Discussion on: ⏳ Timing database calls to 🐘PostgreSQL or 🚀YugabyteDB (strace)

View post

Thanks for the interesting post.

Is it safe to run strace (like in this post) in Production ?

I know it is 'Do At Your Own Risk' in an Oracle production. Does it carry the 'same level' of risk (or) is it 'more safer' in Postgresql / Yugabyte context ?

Franck Pachot YugabyteDB • Jul 20 '22

That's a great question. Everything you do on production, especially on Friday, has a risk- But not fixing a performance problem is also a risk 😉
About strace:

it can slow the process but you run it for a short time, and when you have a problem anyway
the risk to crash the process is low in recent Linux kernels
run it in a prepod environment before, even if you don't reproduce he problem there, at least you see if strace hurts
if you attach to a session backend, the risk is limited to one connection. I would not attach strace PostgreSQL logger or checkpointer in production without good reason
in YugabyteDB even if you crash a server, the application is still available. If you drain tablets (by blacklisting the node) and connections from one node (that you may add for this purpose) you can still strace what happens in YSQL without impacting the others

it is 'Do At Your Own Risk' in an Oracle production. Does it carry the 'same level' of risk

I've used a lot strace on Oracle productions (but not with old linux kernels - there were some bugs). Same remark about the user process vs lgwr or dbwr. And only when I cannot reproduce on another environment and when safer troubleshooting methods are not enough.

@fritshoogland may comment on this as well

Frits Hoogland • Jul 20 '22

I agree with @franckpachot's comments.

A view from my perspective is the following:

The strace utility on linux uses the ptrace facility on linux. You can read the link if you are interested in more details. My experience too is that in general, in situations where there's no excessive usage of any kind on the system it is used, strace does not cause kernel issues.

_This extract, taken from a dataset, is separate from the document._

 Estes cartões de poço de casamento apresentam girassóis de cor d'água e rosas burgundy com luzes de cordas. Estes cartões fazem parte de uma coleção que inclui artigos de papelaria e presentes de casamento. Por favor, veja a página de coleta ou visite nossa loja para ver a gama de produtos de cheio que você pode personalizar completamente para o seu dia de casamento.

However, the influence of ptrace on the process or thread from the perspective is significant from a performance perspective. In other words: the process or thread that is accessed via ptrace using strace in most cases has its performance been significantly reduced, because ptrace is controlling execution, and yields execution in order to serve the strace-ing process alias the controlling process data.

When the strace utility is terminated, the ptrace connection is stopped, and the process or thread that was attached to is back to normal execution.

Please mind the wording 'does not cause kernel issues'. If the way a process or thread is changed such as with ptrace, this may cause issues in for the executable that is relying on certain behaviour or timing for this process or thread, which the ptrace control might have an influence on, and thus could cause issues in user space.

This is the reason that people say 'use at your own risk in oracle production': especially if you attach to critical oracle background processes, the change in behaviour might cause issues, and especially if you attach to processes such as the log writer or the database writer for investigating issues of slow IO, this has a high potential to exaggerate the issue, whilst you might think you are just observing.

In this sense using strace with postgres or YugabyteDB is not different, in the sense that is significantly reduces processing speed of the thread or process strace attached to. The difference between using strace with YugabyteDB and Oracle and PostgreSQL is that with YugabyteDB the storage layer is distributed with redundancy, so as Franck pointed out: so if you want to be extremely safe, you can create a tablet server node for the purpose of strace-ing a process or thread only.